→ Your assignment
All of the data below should be repeated exactly. Pictures should not be included.

→ Input data
'''
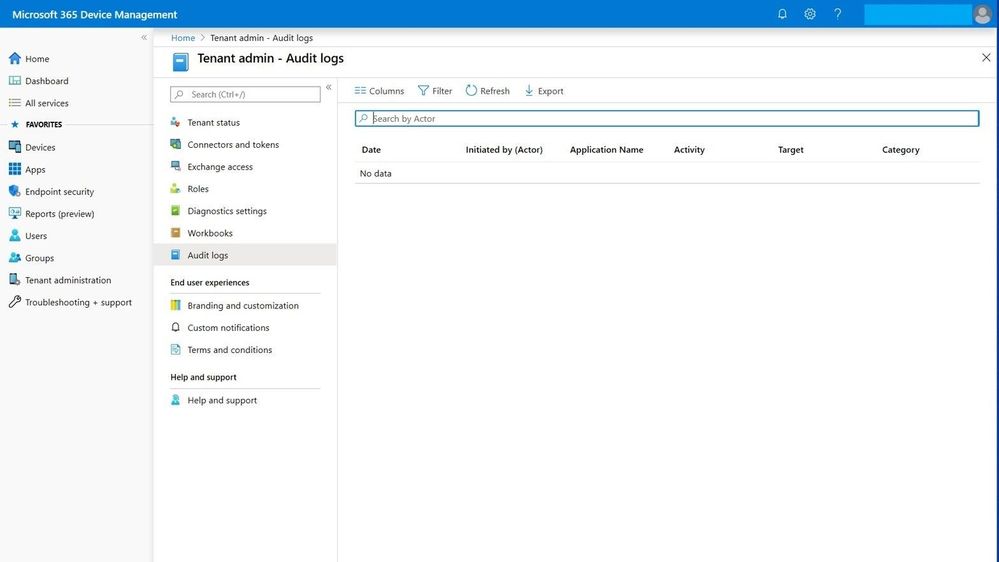 In the Microsoft Device Management or Microsoft Endpoint Manager console, Audit logs will now be consolidated in the Tenant administration blade.
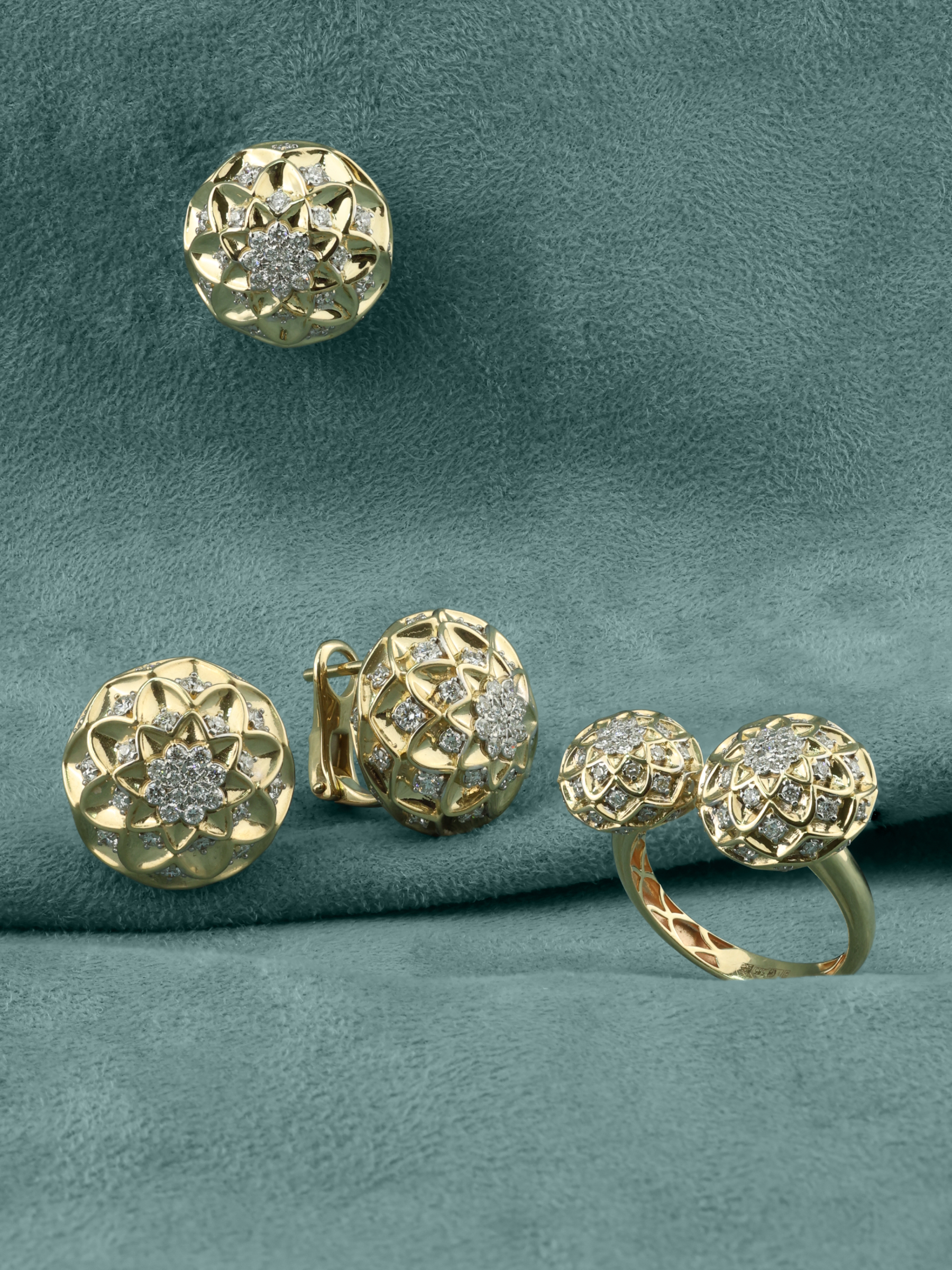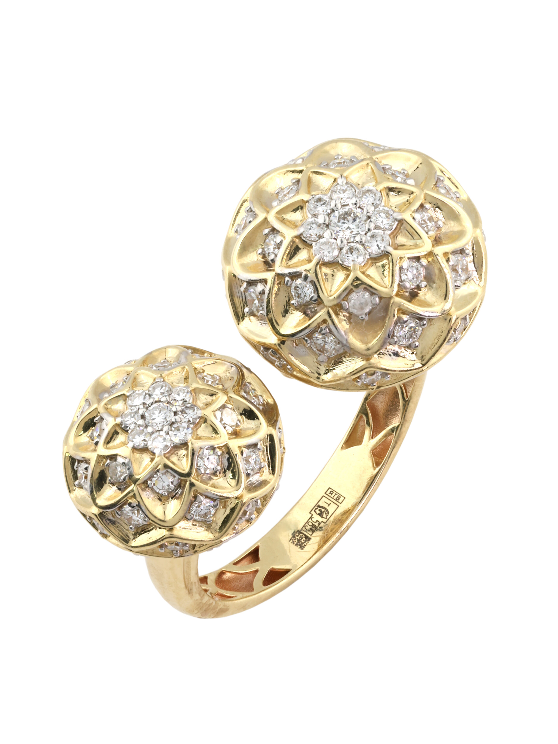 Элегантное кольцо из лимонного золота 585 пробы станет центральным акцентом вашего образа, подчеркивая безупречный вкус и статус. Это изысканное украшение из коллекции Vioretty — Georginy выполнено в оригинальном дизайне, вдохновленном природными мотивами: два объемных цветка, расположенных на разомкнутой шинке, создают динамичную и современную композицию. Необычная форма изделия привлекает внимание к его деталям, превращая ювелирное украшение в настоящее произведение искусства.
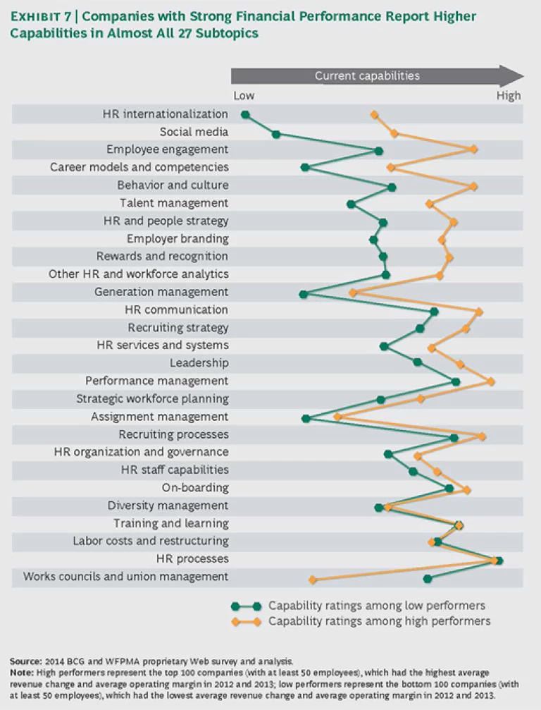 - HR capabilities correlate with economic performance. Companies that have strong capabilities in HR topics—such as talent and leadership; engagement, behavior, and culture management; and HR strategy, planning, and analytics—show significantly better financial performance than companies that are weaker in those areas.
'''
→ Answer
 In the Microsoft Device Management or Microsoft Endpoint Manager console, Audit logs will now be consolidated in the Tenant administration blade.
 Элегантное кольцо из лимонного золота 585 пробы станет центральным акцентом вашего образа, подчеркивая безупречный вкус и статус. Это изысканное украшение из коллекции Vioretty — Georginy выполнено в оригинальном дизайне, вдохновленном природными мотивами: два объемных цветка, расположенных на разомкнутой шинке, создают динамичную и современную композицию. Необычная форма изделия привлекает внимание к его деталям, превращая ювелирное украшение в настоящее произведение искусства.
 - HR capabilities correlate with economic performance. Companies that have strong capabilities in HR topics—such as talent and leadership; engagement, behavior, and culture management; and HR strategy, planning, and analytics—show significantly better financial performance than companies that are weaker in those areas.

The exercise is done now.